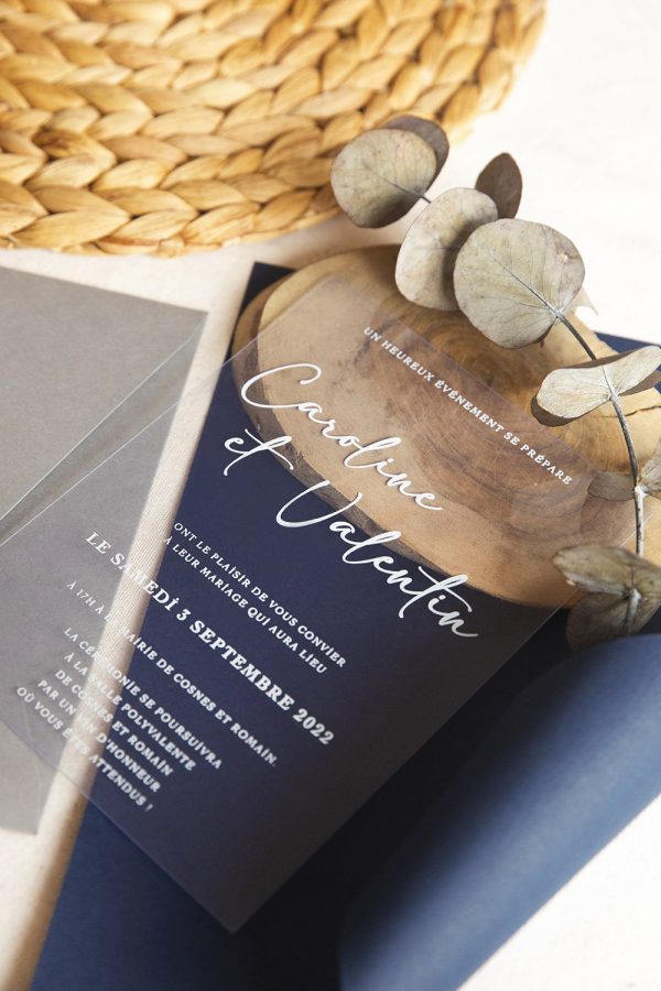 Composantes du produit : pochette : Japon Bristol gris - 320 gr / carton d'invitation : plexi 100% transparent
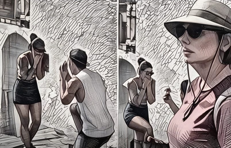 Ahora, ¿qué nos dice esto? Primero, que Santorini es un lugar tan turístico que incluso los momentos más íntimos pueden convertirse en un espectáculo público. Segundo, que no todos tienen el mismo concepto de privacidad o decencia. Y tercero, que a veces la vida es más divertida (o patética, según se mire) de lo que planeamos.
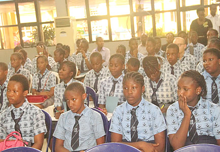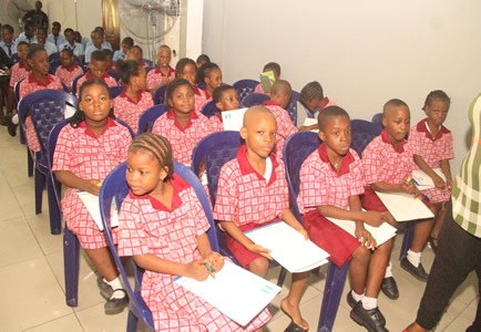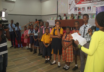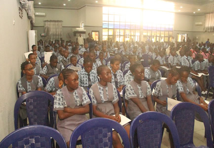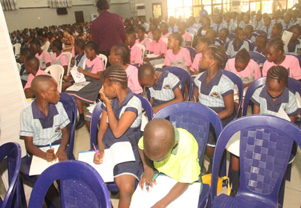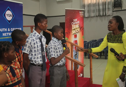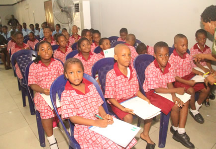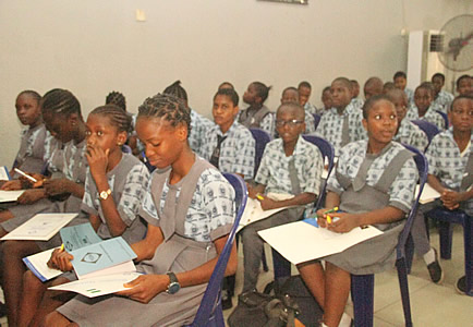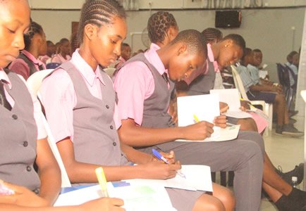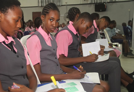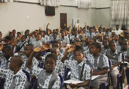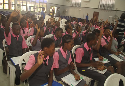 Quiz section being anchored by Nneka Okonkwo with selected students. |
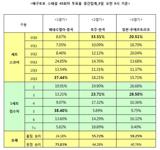 2경기 호주-한국전의 경우 호주의 승리(55.72%)를 전망한 참가자가 다수를 차지했다. 최종 세트스코어도 3-0 호주 승리가 33.51%로 최다 집계됐고, 1세트 점수차의 경우 3점이 23.71%로 가장 많았다. 호주는 예상을 깨고 공수 전반에서 활약을 펼치며 승승장구하고 있다. 한국은 3연패뒤 2승을 추가했지만, 사실상 런던올림픽 본선 진출은 불가능한 상태다. 분위기와 전력상 호주가 앞선다.
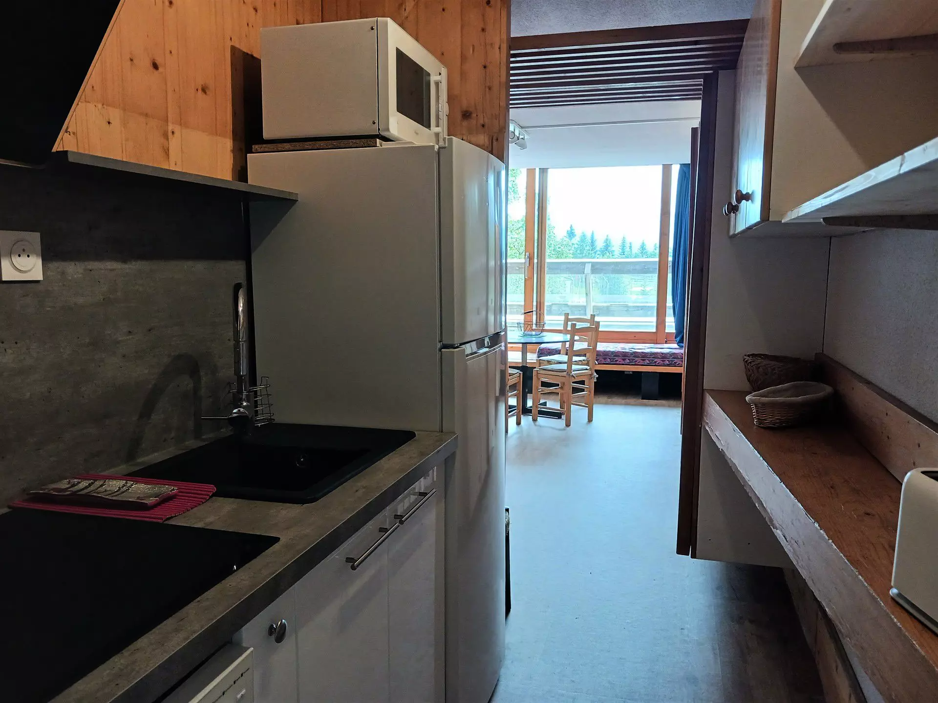 It is equipped with induction hobs, a combined oven/microwave, a dishwasher and a refrigerator.

-- TASK BRIEF --
Say again, word for word, every line from the one with "Quiz section being" through the last line of the data above, minus the pictures.

-- RESPONSE AREA --
 Quiz section being anchored by Nneka Okonkwo with selected students. |
 2경기 호주-한국전의 경우 호주의 승리(55.72%)를 전망한 참가자가 다수를 차지했다. 최종 세트스코어도 3-0 호주 승리가 33.51%로 최다 집계됐고, 1세트 점수차의 경우 3점이 23.71%로 가장 많았다. 호주는 예상을 깨고 공수 전반에서 활약을 펼치며 승승장구하고 있다. 한국은 3연패뒤 2승을 추가했지만, 사실상 런던올림픽 본선 진출은 불가능한 상태다. 분위기와 전력상 호주가 앞선다.
 It is equipped with induction hobs, a combined oven/microwave, a dishwasher and a refrigerator.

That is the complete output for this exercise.